In this study, we only used two channels of biosignal from mice and obtained good results. We therefore expect that the program can be adapted to other systems. For example, small devices equipped with a single or a few channels of EEG are successfully used for many studies, including ours [
16]. Those studies are good targets for our program, and can be used instead of laboratory PSG. It is expected that sleep studies can be facilitated at home and in broader settings [
17]. As the GI-SleepNet is based on the relatively simple VGG-19-based algorithm, we believe that it is able to process the EEG/EMG more easily in order to measure sleep quality in the client terminal. The next step is to apply our model to human clinical PSG data. As the classification of human sleep is more complicated, we may increase the number of biosignals, such as EOG and heart rate, for further research [
18].
Furthermore, in the future, particularly for specific experimental needs where more than three states need to be classified, our model is highly customizable. By modifying the units parameter of the output dense layer at the end of the model, it is possible to apply this model to other wider ranges of classification. In an ongoing study, we are applying this model to human clinical PSG datasets and classifying them into five states (NREM1, NREM2, NREM3, REM, and WAKE). The results so far are promising. Subsequently, for example, there is also the need for research to classify the middle transition state between two pure states. As the transition states are quite small in volume, we assume that the generation of fake data of certain transition states using our GAN model may promote performance if those transition states are recognized and labeled.

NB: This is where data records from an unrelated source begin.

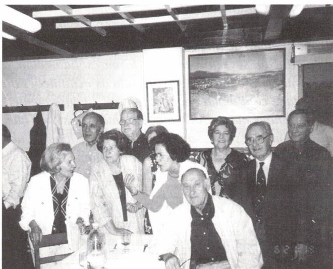
Aniversariantes de Junho e Julho

Aí são lembrados, sempre, os aniversariantes do mês a quem é oferecido o Bolo que cortam e distribuem por todos os presentes. Os "parabéns a você" não são mais que uma comunhão com a festa dos que vêm passar mais um ano, num ambiente bem coimbrão.
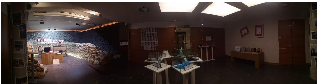
Exposició "Emociona't" al Museu Etnogràfic de Ripoll

El passat 6 i 7 de juliol, la Fundació Carulla va organitzar les jornades Mutare "Cultura contra l'emergència emocional", a la Nau Bostik de Barcelona, en les quals l'Escola Vedruna i el Museu Etnogràfic, hi van participar presentant el projecte "Emociona't".
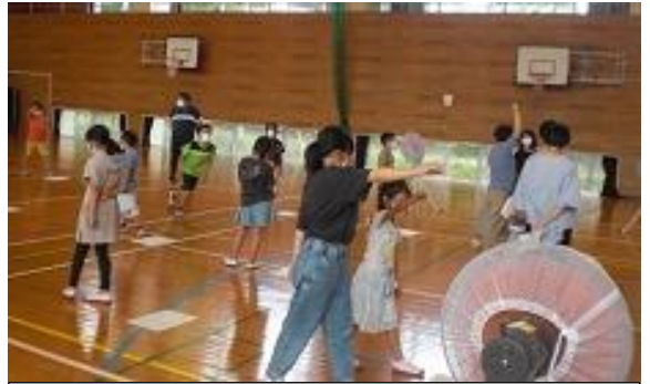
【応援リーダーの上級生が動きを教えています】

10月11日（月）に、赤白それぞれの応援団の結団式を行いました。応援リーダーが自己紹介と応援の“めあて”を伝えた後、早速、応援の練習が始まりました。2年ぶりの応援合戦で、コロナ禍での様々な制限がある中、応援の形を作っていくのは大変だと思いますが、応援リーダーは6年生を中心に工夫を凝らして頑張ってくれています。
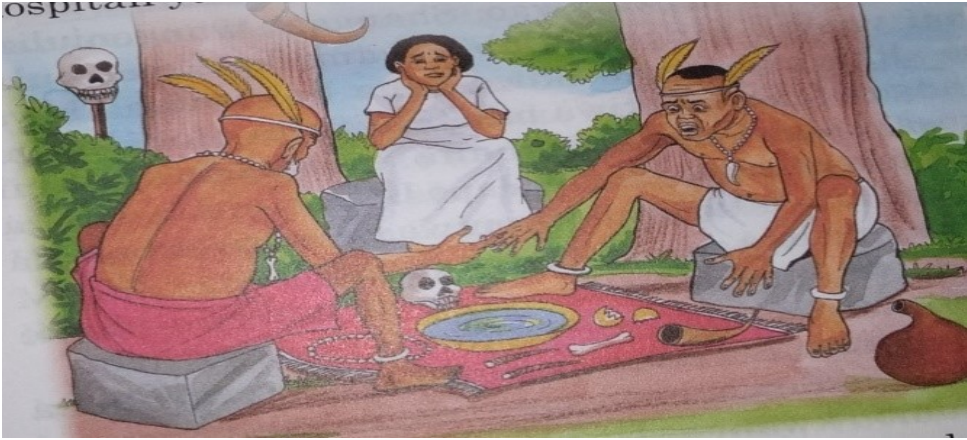
Picha 5: Mama ya Lena Akiwa kwa Mganga - Nimefufuka (Ukurasa 7)

kwa majonzi makubwa akisubiri kitendawili kiteguliwe. Kwa hivyo maelezo ya mwandishi yanajalizwa na picha ili habari hizi ziingie watoto akilini kwa urahisi.

Our method does have some limitations. First, a priori knowledge is required to design images. Second, producing images is initially time consuming. In the case of our dataset, we used EMG and EEG signals of almost the same size. However, the ratio of sizes can be changed, which will affect accuracy. Nevertheless, to change the ratio, ensuring that all datasets contain all images for all epochs is required, a process that is time consuming and laborious. Despite these limitations, we believe that our novel algorithm will provide a versatile tool for future research in many fields. Third, a crucial point that needs to be resolved is the unquantified effect of EEG artifacts within the recording. In this study, we used a clear dataset with very few artifacts or noises (Tsukuba-14). Therefore, potential users should be aware of the fact that the performance against noise and artifacts needs to be experimented with in follow-up studies with other datasets containing artifacts. For the next step, we plan to artificially add random noise into the data to examine the artifact condition. As mentioned in the Materials and Methods section, some EEG artifacts featured within the recording could be absorbed by the model with the FFT as many artifacts occur during the wake stage and show an apparent low frequency. We expect that our model will be robust to those artifacts, but this should be examined in each dataset.